> _Exercise data_
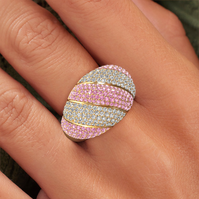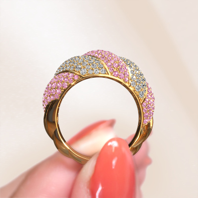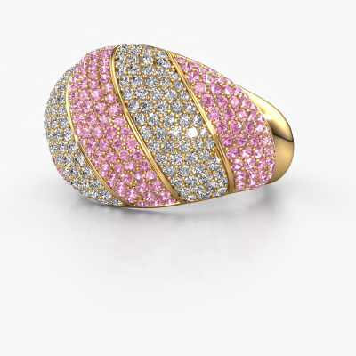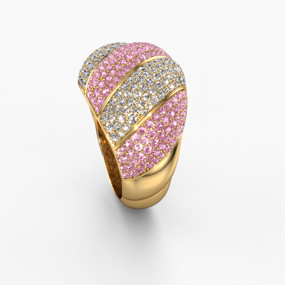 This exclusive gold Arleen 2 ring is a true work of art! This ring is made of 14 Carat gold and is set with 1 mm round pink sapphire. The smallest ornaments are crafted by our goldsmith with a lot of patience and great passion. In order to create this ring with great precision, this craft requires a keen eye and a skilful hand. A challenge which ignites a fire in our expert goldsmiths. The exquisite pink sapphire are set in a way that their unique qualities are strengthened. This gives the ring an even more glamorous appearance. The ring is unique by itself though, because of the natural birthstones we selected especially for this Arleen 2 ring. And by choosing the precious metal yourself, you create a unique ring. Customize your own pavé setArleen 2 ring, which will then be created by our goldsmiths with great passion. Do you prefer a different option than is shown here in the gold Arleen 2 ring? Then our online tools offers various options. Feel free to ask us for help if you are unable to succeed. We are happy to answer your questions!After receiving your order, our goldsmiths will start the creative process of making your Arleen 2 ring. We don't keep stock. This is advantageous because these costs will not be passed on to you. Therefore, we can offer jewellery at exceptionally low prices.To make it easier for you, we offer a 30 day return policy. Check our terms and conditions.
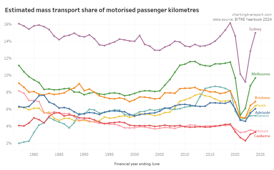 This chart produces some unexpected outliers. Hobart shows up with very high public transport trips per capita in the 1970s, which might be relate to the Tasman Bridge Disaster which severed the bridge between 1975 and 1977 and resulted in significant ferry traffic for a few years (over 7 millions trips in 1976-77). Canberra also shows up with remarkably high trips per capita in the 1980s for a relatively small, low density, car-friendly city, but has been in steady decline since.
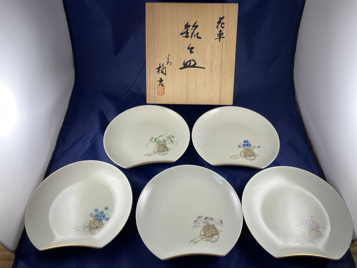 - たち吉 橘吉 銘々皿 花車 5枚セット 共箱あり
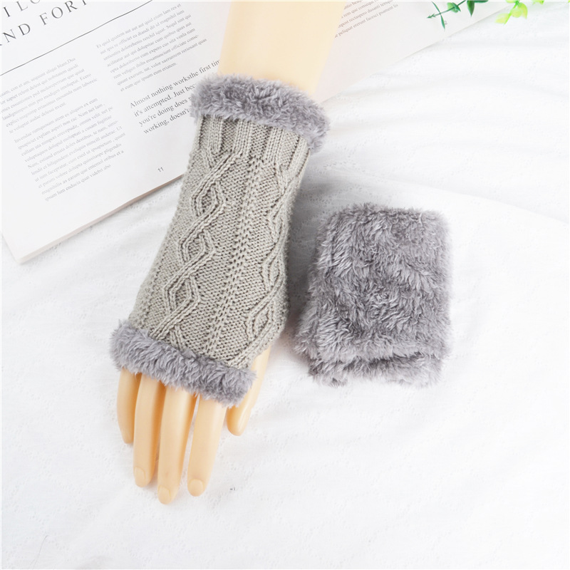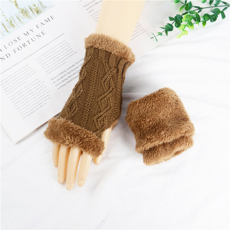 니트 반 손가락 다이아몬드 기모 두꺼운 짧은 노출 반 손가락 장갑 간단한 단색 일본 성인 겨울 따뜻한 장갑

> _Exercise_
Repeat the line containing "This chart produces" and every line after it up to the end of the material above, exactly as they stand, minus the pictures.

> _Expected answer_
 This chart produces some unexpected outliers. Hobart shows up with very high public transport trips per capita in the 1970s, which might be relate to the Tasman Bridge Disaster which severed the bridge between 1975 and 1977 and resulted in significant ferry traffic for a few years (over 7 millions trips in 1976-77). Canberra also shows up with remarkably high trips per capita in the 1980s for a relatively small, low density, car-friendly city, but has been in steady decline since.
 - たち吉 橘吉 銘々皿 花車 5枚セット 共箱あり
 니트 반 손가락 다이아몬드 기모 두꺼운 짧은 노출 반 손가락 장갑 간단한 단색 일본 성인 겨울 따뜻한 장갑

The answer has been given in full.